# Task input:

------------------------------------------------------------

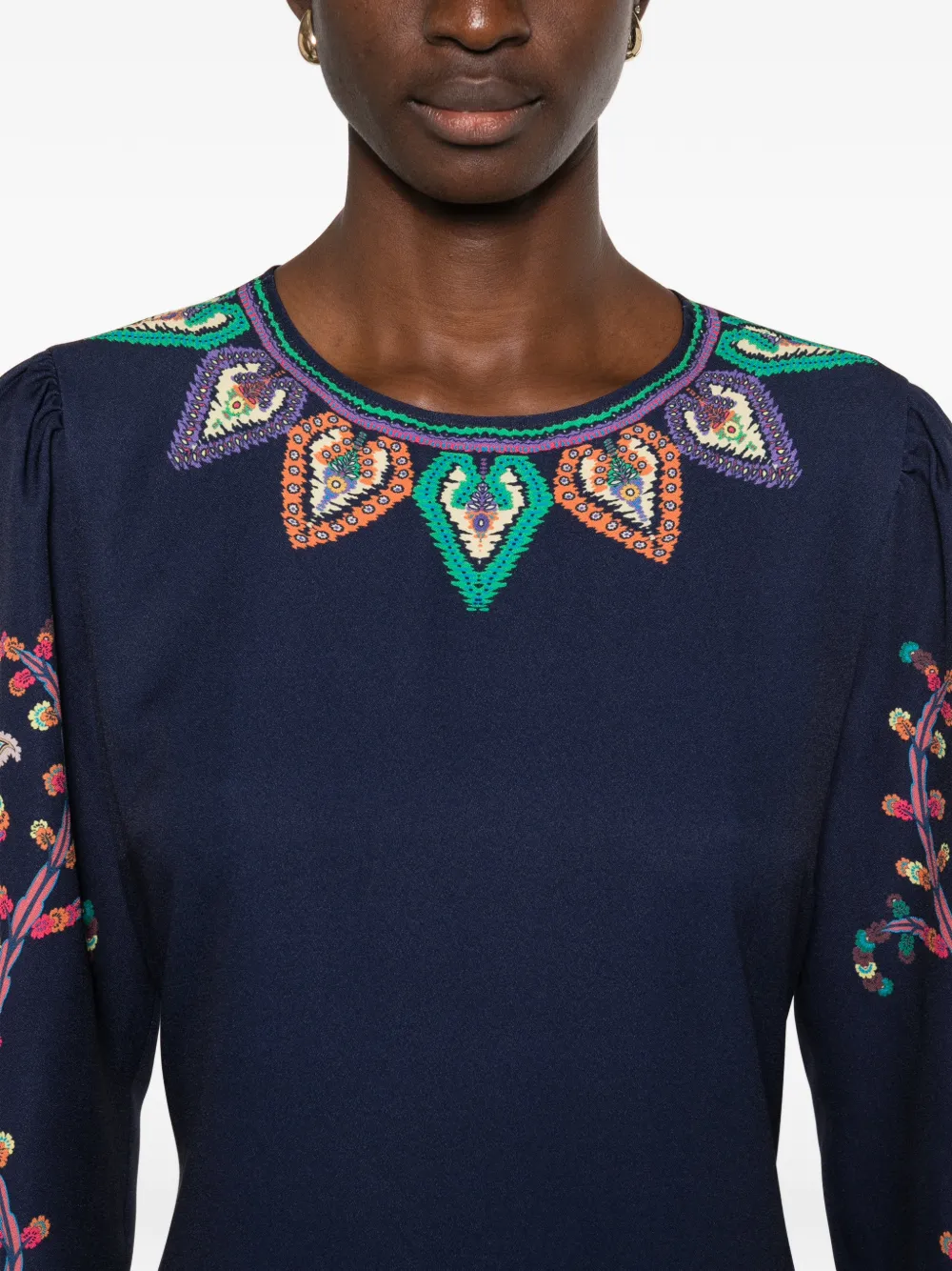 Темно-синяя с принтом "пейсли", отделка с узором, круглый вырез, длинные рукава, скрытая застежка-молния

------------------------------------------------------------

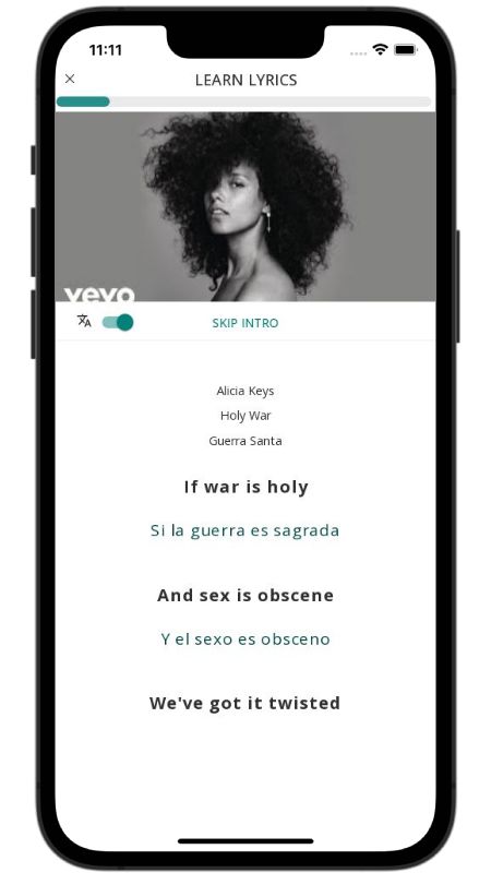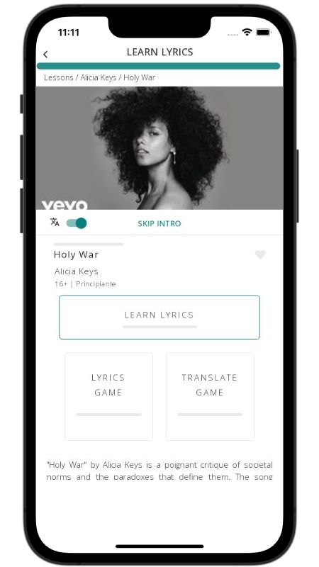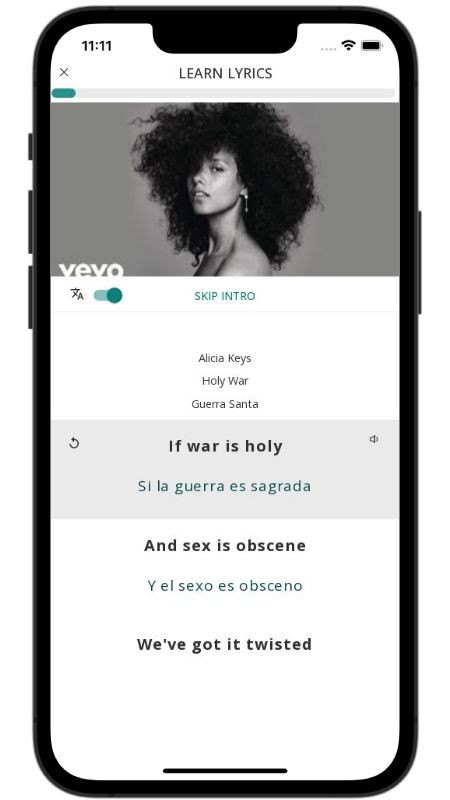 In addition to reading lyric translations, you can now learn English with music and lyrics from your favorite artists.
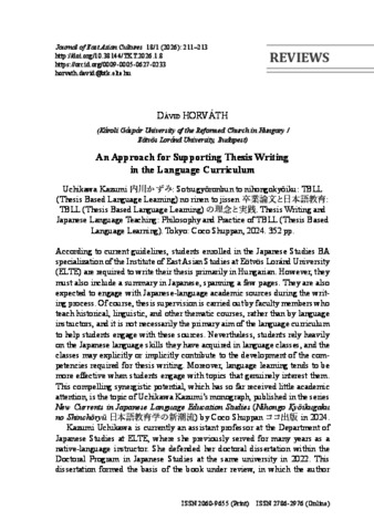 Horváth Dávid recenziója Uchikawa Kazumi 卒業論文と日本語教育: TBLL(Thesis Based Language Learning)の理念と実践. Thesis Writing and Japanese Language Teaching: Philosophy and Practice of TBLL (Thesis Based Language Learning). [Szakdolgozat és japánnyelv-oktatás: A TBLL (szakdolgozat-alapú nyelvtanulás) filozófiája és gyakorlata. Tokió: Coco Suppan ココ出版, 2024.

------------------------------------------------------------

# The task:
Within the listing above, find the line containing "In addition to" and the line containing "Horváth Dávid recenziója". Transcribe them and everything between them exactly, leaving out the pictures.

# Answer to the exercise:
 In addition to reading lyric translations, you can now learn English with music and lyrics from your favorite artists.
 Horváth Dávid recenziója Uchikawa Kazumi 卒業論文と日本語教育: TBLL(Thesis Based Language Learning)の理念と実践. Thesis Writing and Japanese Language Teaching: Philosophy and Practice of TBLL (Thesis Based Language Learning). [Szakdolgozat és japánnyelv-oktatás: A TBLL (szakdolgozat-alapú nyelvtanulás) filozófiája és gyakorlata. Tokió: Coco Suppan ココ出版, 2024.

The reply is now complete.